What this task involves: The data below contains pictures, which are to be skipped; the lines starting at the line with "都市丽人医用级纯棉内裤 女生A类全棉抗菌裆透气无痕女士三角短裤" and ending at the line with "50 darabos tengeri" are to be output exactly, both ends included.

Listed entries:
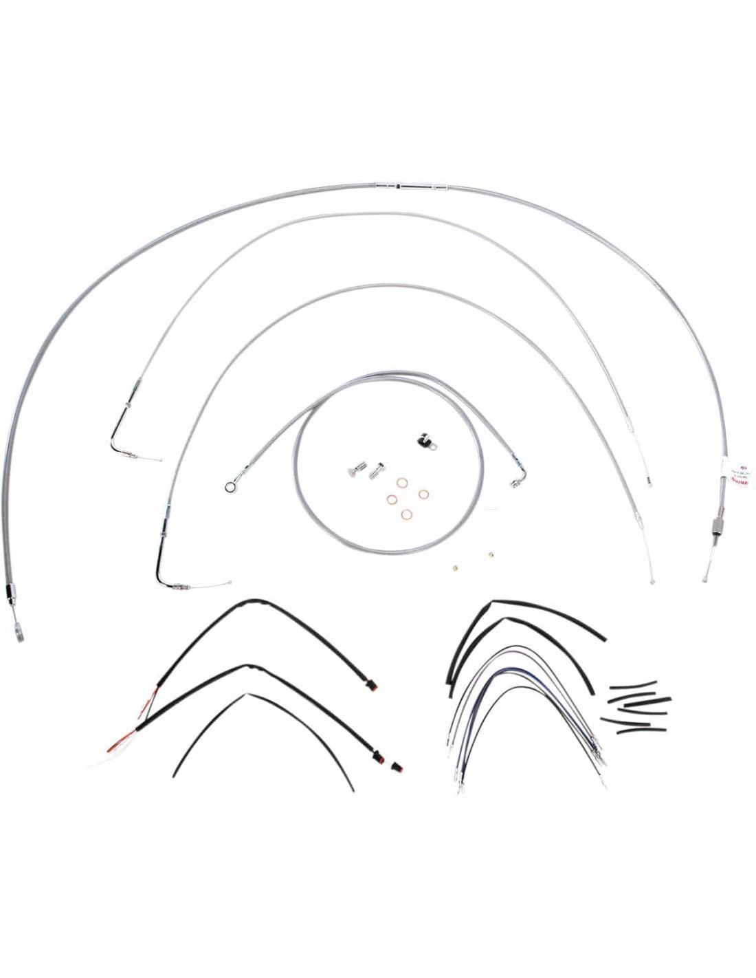 Burly BrandKit tubo freno/cavo manubrio intrecciato in acciaio inossidabile completoKit di installazione completo per Burly Ape Hanger I kit includono tubo freno prolungato, cavo/tubo frizione prolungato, cavi di comando/chiusura gas prolungati come richiesto e tutto il cablaggio necessario I tubi freno presentano un rivestimento interno in PTFE e una treccia esterna in acciaio inossidabile resistente I kit Dresser riutilizzano il cablaggio Ride-By-Wire di serie I kit si basano sull'utilizzo di rialzi da 2” con manubri in stile Ape Hanger
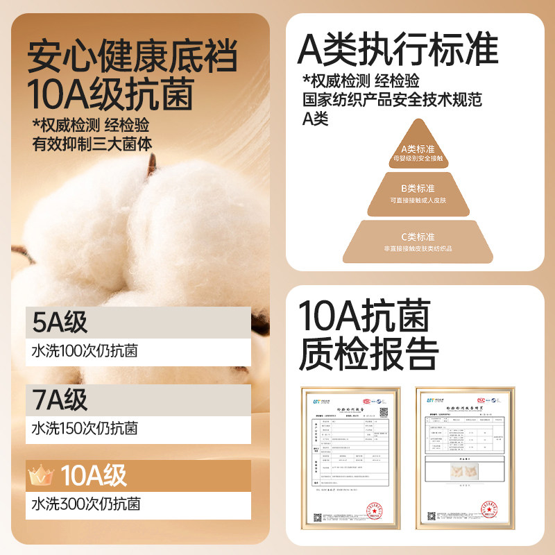 都市丽人医用级纯棉内裤 女生A类全棉抗菌裆透气无痕女士三角短裤
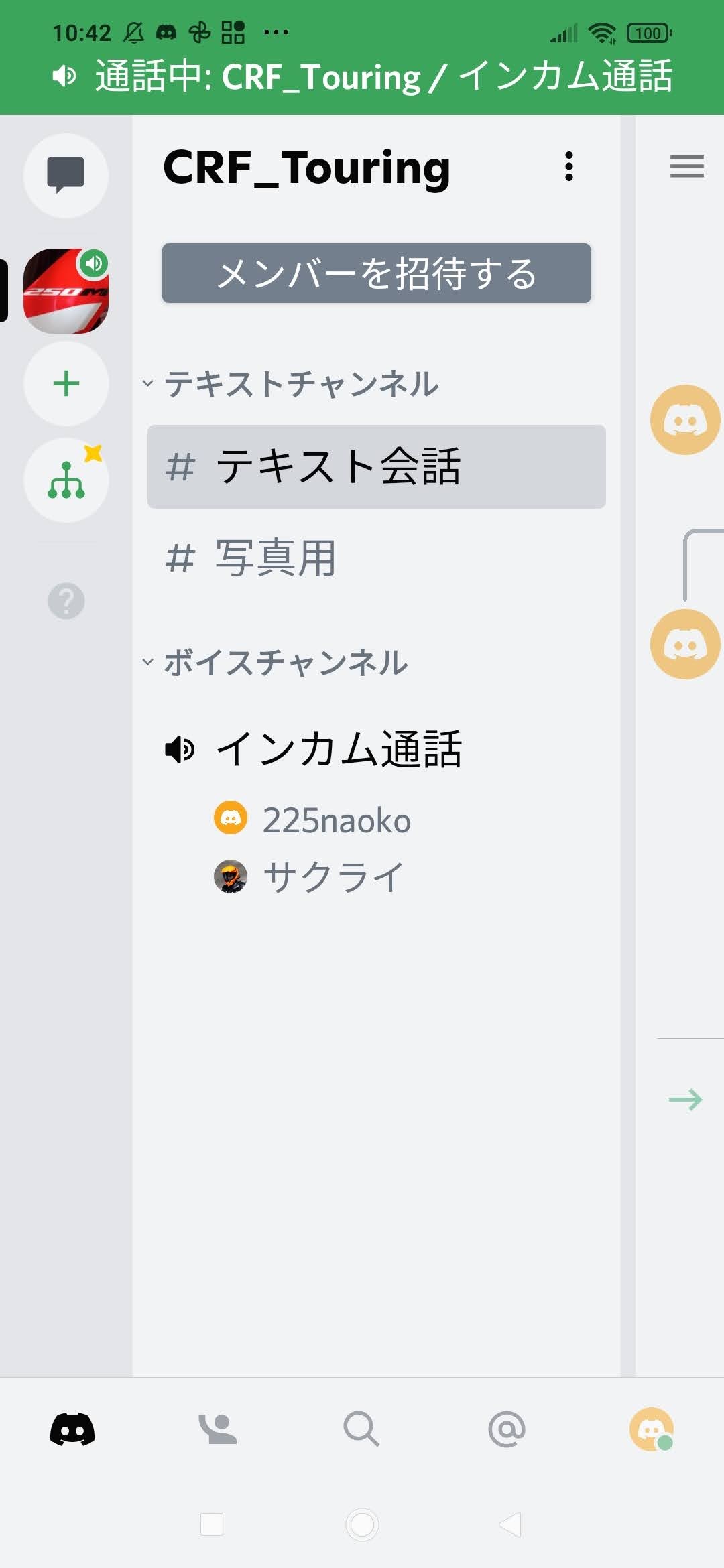 ちなみにCRF_touringのサーバーにはテキスト会話とインカム通話の2つのチャンネルだけにしてあります。
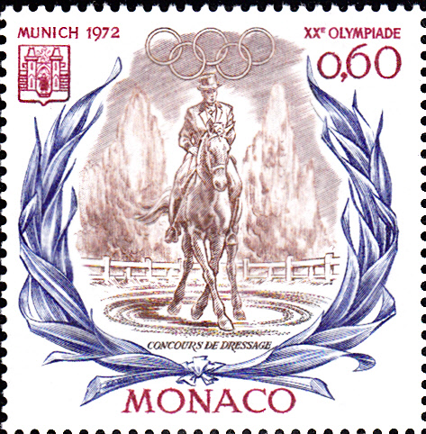 Aus Monaco waren fünf Teilnehmer/-innen bei den Wettbewerben in München vertreten. Die Marken Monacos zu den Spielen in München zeigen Motive zum Pferdesport. Hie eine Marke (MiNr 1045) mit einem Dressurreiter.
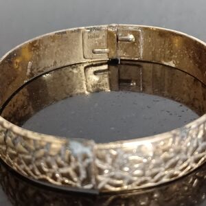 Vintage MONET etched gold bangle bracelet, measures 7.75"
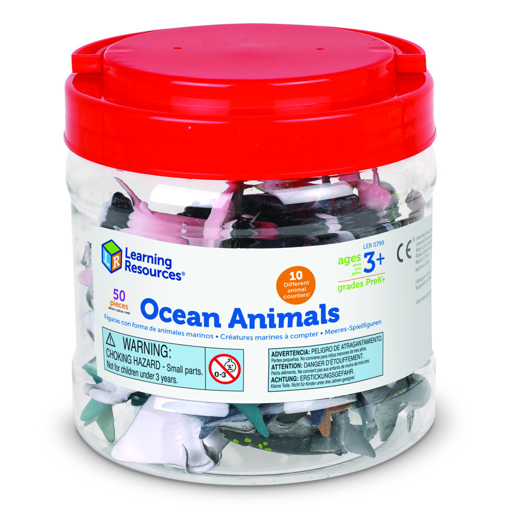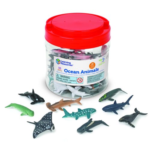 50 darabos tengeri állat számlálókészlet 10 különböző figurával. Ideális számoláshoz, válogatáshoz és mintázáshoz. Praktikus, újrazárható tárolódobozban.
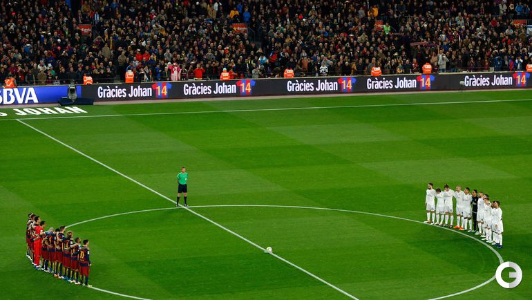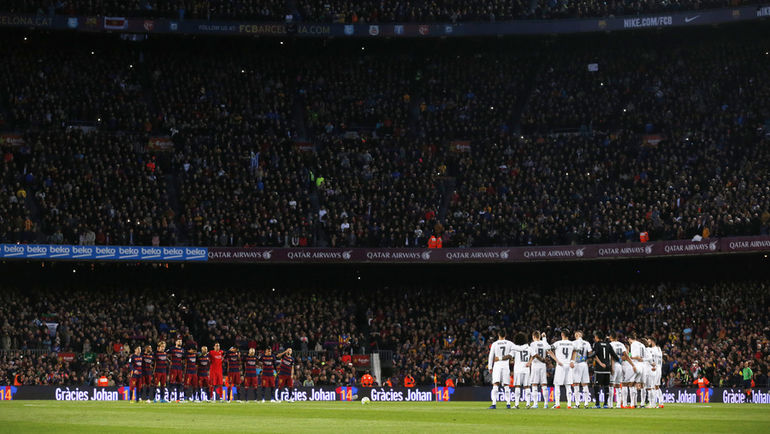 Болельщики во время матча 31-го тура чемпионата Испании между "Барселоной" и "Реалом" (1:2) почтили память легенды каталонцев, бывшего футболиста и тренера Йохана Кройфа. Перед игрой была объявлена минута молчания. Болельщики "Барсы" устроили красочный перформанс, выложив из листов синего, гранатового и золотого оттенков на трибунах "Ноу Камп" футболку с 14-м номером голландца и надпись "Спасибо, Йохан". На 14-й минуте игры зрители устроили овацию. Трехкратный обладатель "Золотого мяча" ушел из жизни 24 марта в 68 лет.
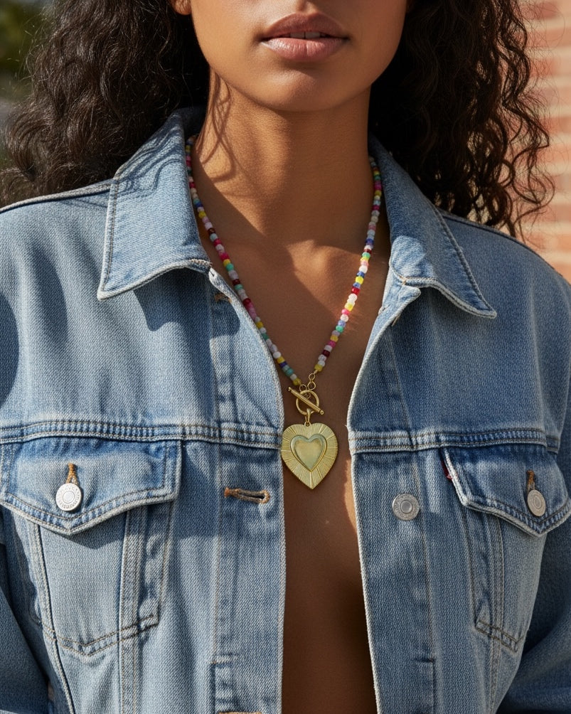 Genuine mixed gemstones, statement-sized gold-filled heart pendant & toggle clasp.
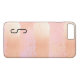 Pretty iPhone 7 Plus case, with a watercolor paint stroke pattern in pink blush and gold. Personalise the single black letter monogram, for yourself or as a great gift to her.
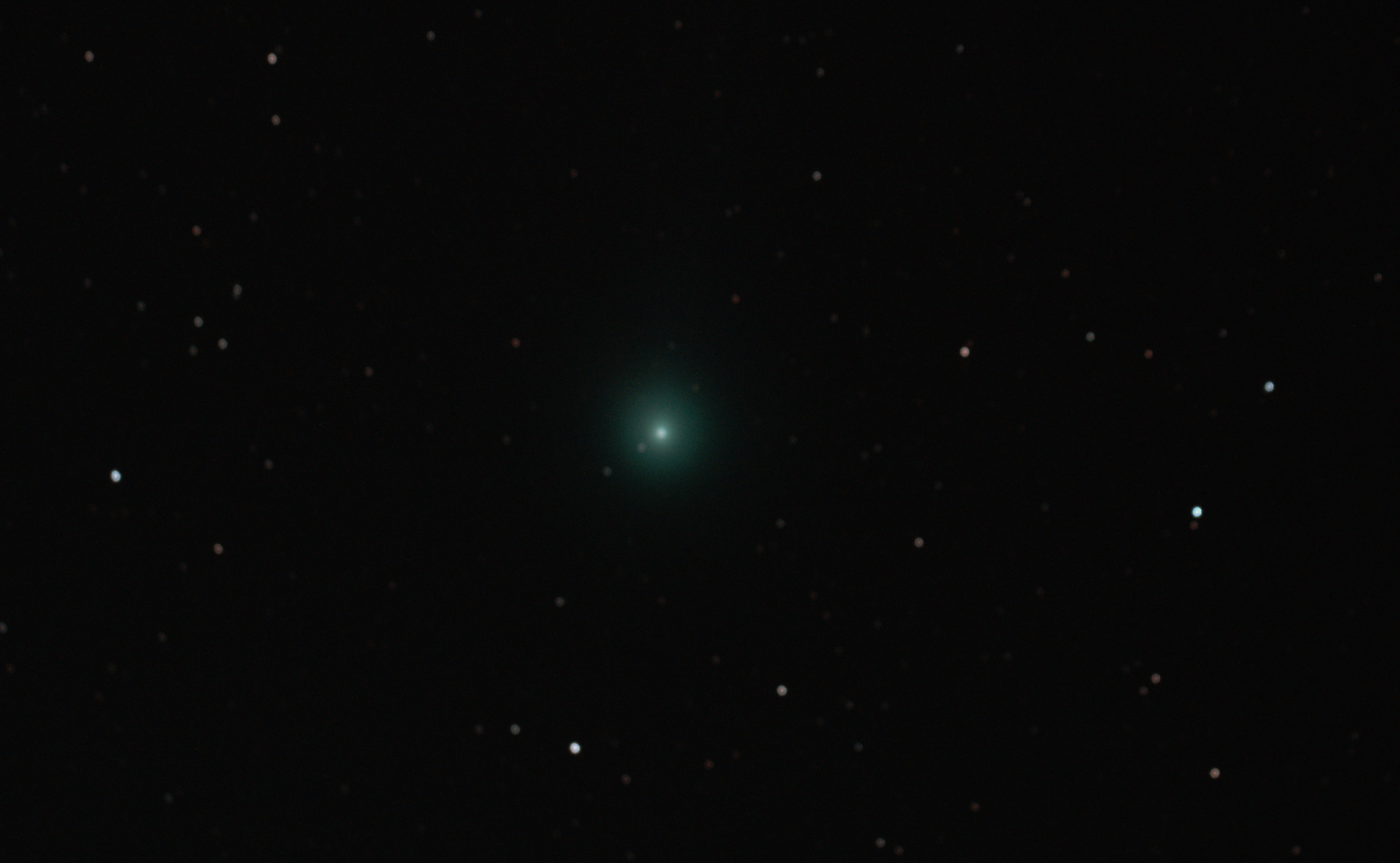 I had already posed this question on Stargazers Lounge and had a number of useful suggestions. Of course, whilst the mount tracks the celestial sphere, the comet is making its own way through the sky, which is not the same path as the stars seen from Earth; I believe it is possible to track the actual comet but that’s too difficult for me. Therefore, it is necessary to err towards lots of shorter exposures to avoid blurring; the longer the exposure the more likely it is the comet’s tail can also be captured in the image but it is a fine line between achieving this and blurring.  In the end I took two sets of images at 20 seconds and 60 seconds – probably too cautious but I was happy with the result and will be better prepared for my next comet, whenever that is.
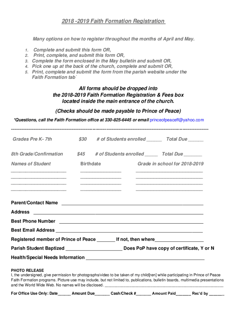 2018 2019 Faith Formation Registration Many options on how to register throughout the months of April and May. 1. 2. 3. 4. 5. Complete and submit this form OR, Print, complete, and submit this form
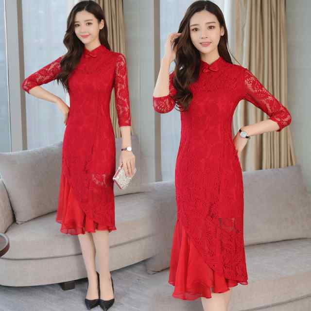 パーティードレス 結婚式 ドレス ワンピース レディース 二次会 お呼ばれ パーティー 大きいサイズ アシンメトリースカート チャイナ襟 レース 七分袖 ナチュラル お洒落 可愛い お食事会 新作 大人気 おすすめ フォーマル エレガント

Result below:
 都市丽人医用级纯棉内裤 女生A类全棉抗菌裆透气无痕女士三角短裤
 ちなみにCRF_touringのサーバーにはテキスト会話とインカム通話の2つのチャンネルだけにしてあります。
 Aus Monaco waren fünf Teilnehmer/-innen bei den Wettbewerben in München vertreten. Die Marken Monacos zu den Spielen in München zeigen Motive zum Pferdesport. Hie eine Marke (MiNr 1045) mit einem Dressurreiter.
 Vintage MONET etched gold bangle bracelet, measures 7.75"
 50 darabos tengeri állat számlálókészlet 10 különböző figurával. Ideális számoláshoz, válogatáshoz és mintázáshoz. Praktikus, újrazárható tárolódobozban.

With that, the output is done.